The chart of the German DAX stock index pictured at the Frankfurt Stock Exchange
by Claude Chendjou
PARIS (Reuters) – The main European stock markets are expected to rise slightly on Friday despite the close in the red on Wall Street, but the trend should remain cautious due to an almost general monetary tightening of the major central banks in the world while the economic prospects are deteriorating.
According to the first indications available, the Dax in Frankfurt should gain at the opening 0.11%, the FTSE 100 in London 0.24% and the EuroStoxx 50 index 0.09%.
The almost synchronized rise this week in interest rates by several central banks, including the US Federal Reserve, and the multiple warnings on the risks of recession heighten uncertainties, pushing investors to take refuge in the dollar and the bond market to the detriment stocks, say analysts.

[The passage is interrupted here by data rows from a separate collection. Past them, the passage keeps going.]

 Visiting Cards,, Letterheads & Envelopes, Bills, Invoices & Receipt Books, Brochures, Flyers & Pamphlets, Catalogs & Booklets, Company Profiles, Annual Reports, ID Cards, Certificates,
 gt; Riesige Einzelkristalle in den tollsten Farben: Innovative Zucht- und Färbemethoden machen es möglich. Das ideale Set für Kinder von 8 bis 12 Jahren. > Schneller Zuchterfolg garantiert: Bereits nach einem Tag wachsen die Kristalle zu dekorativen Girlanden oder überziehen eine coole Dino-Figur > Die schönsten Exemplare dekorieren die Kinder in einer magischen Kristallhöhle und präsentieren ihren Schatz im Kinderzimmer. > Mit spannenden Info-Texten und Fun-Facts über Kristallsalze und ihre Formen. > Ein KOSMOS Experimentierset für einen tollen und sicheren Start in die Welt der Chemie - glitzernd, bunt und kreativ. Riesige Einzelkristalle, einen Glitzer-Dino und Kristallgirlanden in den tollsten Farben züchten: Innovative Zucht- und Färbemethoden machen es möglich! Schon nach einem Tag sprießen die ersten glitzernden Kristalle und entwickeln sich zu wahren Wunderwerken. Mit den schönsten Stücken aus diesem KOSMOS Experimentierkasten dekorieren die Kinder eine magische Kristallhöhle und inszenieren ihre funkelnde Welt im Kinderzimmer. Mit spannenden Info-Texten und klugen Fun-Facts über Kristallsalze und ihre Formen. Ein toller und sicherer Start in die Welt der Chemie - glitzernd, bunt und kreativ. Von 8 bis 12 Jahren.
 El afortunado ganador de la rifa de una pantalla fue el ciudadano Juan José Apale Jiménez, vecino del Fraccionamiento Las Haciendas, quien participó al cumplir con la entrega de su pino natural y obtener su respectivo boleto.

“Excessive quantitative easing over the past decade is going to lead to excessive tightening and the market has no way to properly gauge the impact on prices,” said David Bahnsen, chief investment officer at wealth manager The Bahnsen Group.
The publication this Friday of monthly PMIs on manufacturing activity and that of services could, however, provide investors with new elements on the evolution of the economic situation.

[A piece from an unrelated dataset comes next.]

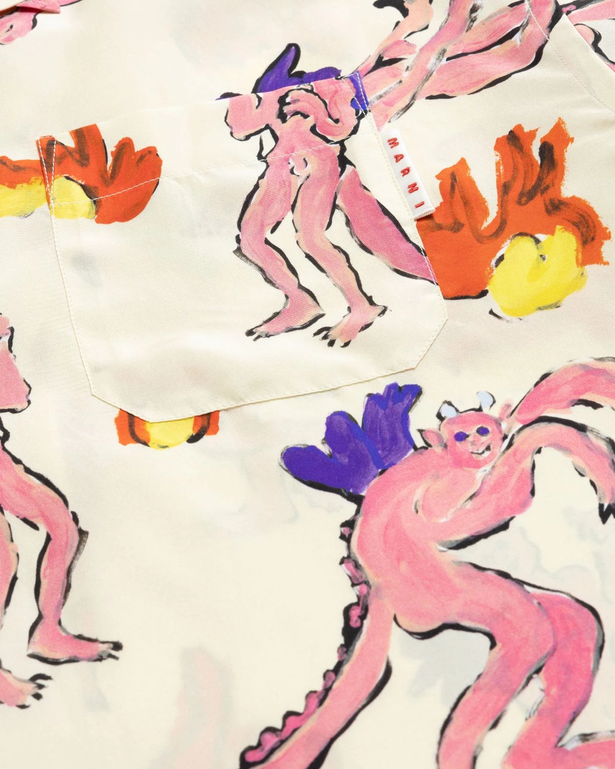 Playful short-sleeve button-ups are a summer staple. This new style from Marni is designed to inject vibrant energy into your warm weather outfits, as it showcases a fun all-over graphic pattern. Crafted from lightweight silk, the shirt is made with an open spread collar, center front button closure, and a straight hem. It is cut in a relaxed, boxy fit and finished with a small logo flag incorporated onto the chest pocket.
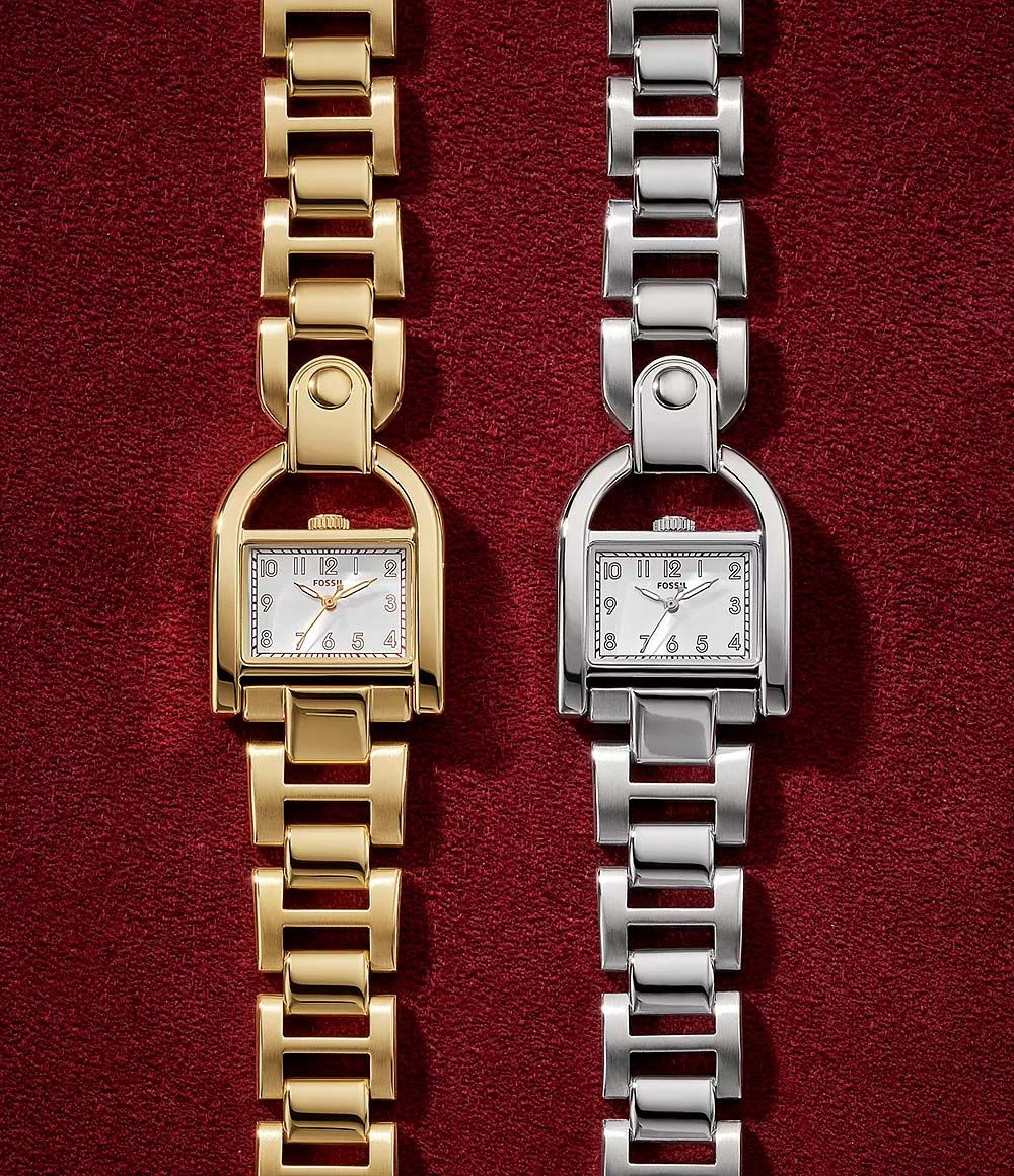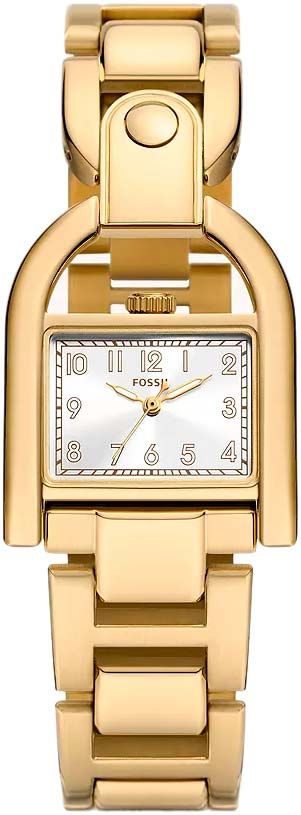 Женские кварцевые аналоговые наручные часы. Коллекция Harwell. Центральные часовая, минутная и секундная стрелки. Стрелки с люминесцентным покрытием, которое светится в темноте после непродолжительного воздействия света. Серебристый циферблат с часовыми метками в виде арабских цифр. Прямоугольный стальной корпус с покрытием цвета жёлтого золота, напоминающий замок. Рифленая переводная головка в положении 12 ч. Устойчивое к мелким механическим повреждениям минеральное стекло. Стальной браслет с покрытием цвета жёлтого золота, застежка Adjust-O-Matic. Ширина браслета 20 мм. Водозащита 30WR (брызги).

The Reuters consensus expects a further contraction in the euro zone of the composite PMI index, which includes the manufacturing industry sector and the services sector, to 49.0 in September after 49.6 the previous month.

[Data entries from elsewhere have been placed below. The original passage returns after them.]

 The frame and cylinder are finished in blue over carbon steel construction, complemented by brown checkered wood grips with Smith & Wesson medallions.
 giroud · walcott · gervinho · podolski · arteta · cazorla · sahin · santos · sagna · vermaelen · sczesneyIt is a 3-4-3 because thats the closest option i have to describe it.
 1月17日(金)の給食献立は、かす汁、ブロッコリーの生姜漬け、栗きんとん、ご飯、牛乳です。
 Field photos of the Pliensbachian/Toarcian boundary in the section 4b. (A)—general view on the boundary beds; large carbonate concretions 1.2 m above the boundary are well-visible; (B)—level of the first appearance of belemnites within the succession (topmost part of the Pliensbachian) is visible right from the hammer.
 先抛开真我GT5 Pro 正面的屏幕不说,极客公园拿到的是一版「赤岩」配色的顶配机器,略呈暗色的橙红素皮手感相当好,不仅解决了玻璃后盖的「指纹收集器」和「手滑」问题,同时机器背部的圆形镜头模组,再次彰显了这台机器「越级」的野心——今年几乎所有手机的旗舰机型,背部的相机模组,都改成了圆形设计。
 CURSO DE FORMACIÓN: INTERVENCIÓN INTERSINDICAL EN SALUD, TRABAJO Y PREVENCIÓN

In Great Britain, the new Prime Minister Liz Truss must also announce this Friday a new “growth plan” which should provide additional budgetary support to the economy.
AT WALL STREET
The New York Stock Exchange ended lower on Thursday, as technology and growth stocks suffered from the rate hike decided on Wednesday by the US Federal Reserve.
The Dow Jones Industrial Average fell 0.35%, or 107.1 points, to 30,076.68 points.
The broader S&P-500 fell 31.94 points, or 0.84%, to 3,757.99 points.
The Nasdaq Composite fell for its part by 153.39 points (-1.37%) to 11,066.81 points.
On the Tokyo Stock Exchange, the Nikkei index fell 0.58% to 27,153.83 points and the wider Topix fell 0.24% to 1,916.12 points as the close approached.
In China, the Shanghai SSE Composite lost 0.04%, while the CSI 300 gained 0.3%.
Bond yields are benefiting from announcements this week of interest rate hikes in the US, UK, Sweden, Switzerland and Norway among others.
The German two-year yield hit a more than 11-year high on Thursday at 1.897% and the ten-year yield then rose to a peak since September 2013, at 1.963%.
In the United States, the yield on ten-year Treasuries gained up to 20 basis points to 3.71%, benefiting from the rise in rate expectations, the Fed having announced that its rates could peak at 4.6% in 2023.
On the foreign exchange market, traders continue to digest the announcement Thursday of an intervention by Japan to support the yen, a first since 1998.
The yen, which rose before this intervention to nearly 146 to the dollar, is trading Friday at 142.16, up 0.13% against the greenback.
The euro, down 0.13% to 0.9823 dollar, is penalized by the energy crisis in Europe and the evolution of the war in Ukraine, referendums on an attachment to Russia being planned this Friday in the territories occupied Ukrainians.
The Chinese yuan, which fell to 7.0964 to the dollar, is near a two-year low.
The dollar, which is at a 20-year high, is stable (-0.03%) against a basket of reference currencies, thanks to its status as a safe-haven asset and the sustained pace of the Fed’s rate hike .
Oil prices are affected by the strength of the dollar and fears over demand.
Brent lost 0.27% to 90.22 dollars a barrel and US light crude (West Texas Intermediate, WTI) lost 0.28% to 83.26 dollars a barrel.